At endpoint, both groups showed significant reductions in the PANSS-CH scores (total, Positive, Negative, and General Psychopathology subscale) (Table 2), and the magnitudes of the reductions in the PANSS-CH scores were similar in the two groups. However, at endpoint, the haloperidol group had significantly higher ESRS-P scores than the risperidone group, despite having received adjuvant anti-parkinsonian medications. Overall, risperidone and haloperidol seemed to improve clinical symptoms equally well, while the latter induced more severe symptoms of parkinsonism.
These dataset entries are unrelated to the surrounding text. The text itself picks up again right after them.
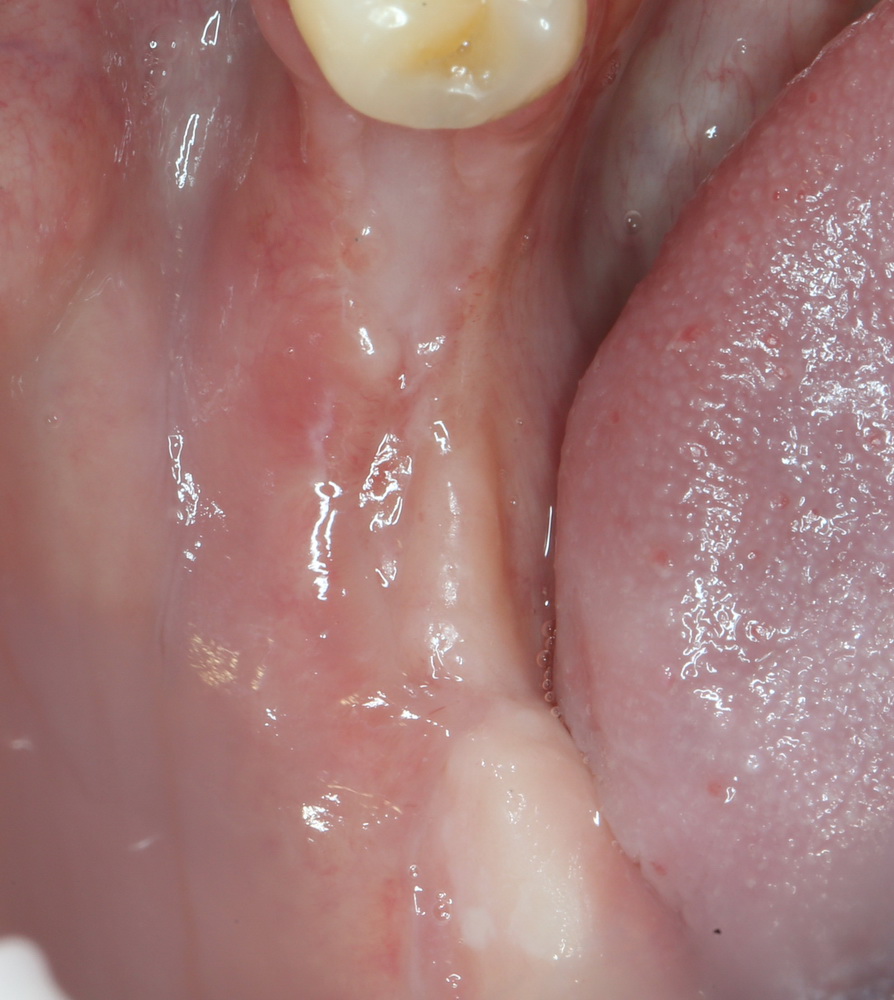 Да, не ослышались. Все начинается с разреза. Нередко его переносят на подвижную слизистую оболочку — чтобы проще было подтянуть и зашить. По факту, такое планирование доступа будет не совсем верным: подвижная слизистая оболочка легко растягивается и «пропускает» даже между часто наложенных лигатур, не обеспечивая нормальной герметичности. К тому же, она, как правило, имеет небольшую толщину, а это значит, что барьер между графтом и внешней средой получается очень непрочным и тонким. Другими словами, делая разрез по подвижной слизистой, мы не только не облегчаем себе работу по ушиванию раны, но и существенно увеличиваем риски расхождения швов и последующего инфицирования графта.
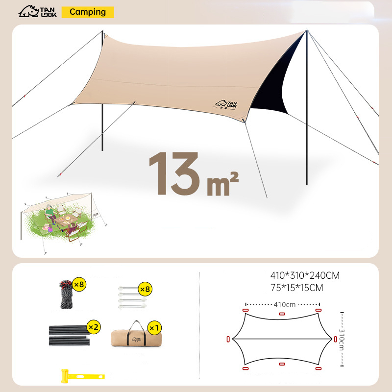سایه بان کمپینگ Tanlook مدل HW-13604 که مساحتی معادل 13 مترمربع را پوشش می دهد یکی از کاربردی ترین ابزار کمپینگ است. از آنجایی اغلب سفرهای کمپینگ در فصل های بهار و تابستان اتفاق می افتد، خرید یک سایبان کارآمد میتواند لذت این سفرها را بیشتر کند. در امان ماندن از تابش مستقیم خورشید می تواند به لذت بخش تر شدن سفر منتهی شود که می توان با خرید یک سایه بان کمپینگ ضدآفتاب به آن دست پیدا کرد. سایه بان کمپینگ tanlook با ابعاد باز شده حدود 410×310×240 سانتی متر برای 2 تا 3 نفر کافی است. سایه‌بان کمپینگ Tanlook مدل HW-13602
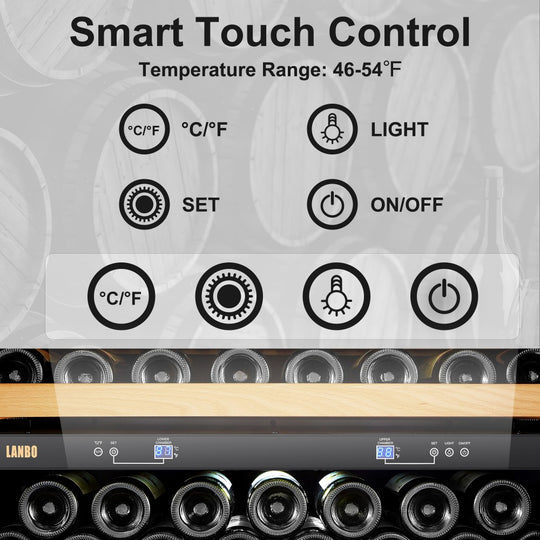 SIMPLE OPERATIONÂInstalled easy touch control panels that you just need to adjust the temperature display type you like and then set the suitable temperature for your collections. Left behind the cooler and enjoy your wines! |

The CPT performance of the schizophrenic patients was much poorer than that of the general population, as revealed by the negative adjusted z scores of d′ (Table 3. The performance on the degraded CPT was significantly lower than that on the undegraded CPT in both groups, both at baseline and at endpoint. The two groups had similar CPT performance scores at baseline except for the lnβ. At endpoint, however, the raw score and adjusted z score of the undegraded CPT d′ of the risperidone group were significantly higher than those of the haloperidol group (t = 2.07, df = 37, p = .05, and t = 2.00, df = 37, p = .05, respectively). When considered longitudinally, none of the CPT indexes changed significantly from baseline to endpoint, in either group (Table 3).
The Pearson correlation between d′ and Δd′ was moderate (r = 0.35, n = 38, p = .03) for the undegraded CPT but was unremarkable (r = 0.005, n = 38, p = .98) for the degraded CPT. When the Δd′s of patients whose baseline adjusted z score of d′ in the upper 50% were compared with those of patients whose baseline adjusted z score of d′ in the lower 50% by independent t-test, the difference was not significant for both the undegraded and degraded CPT.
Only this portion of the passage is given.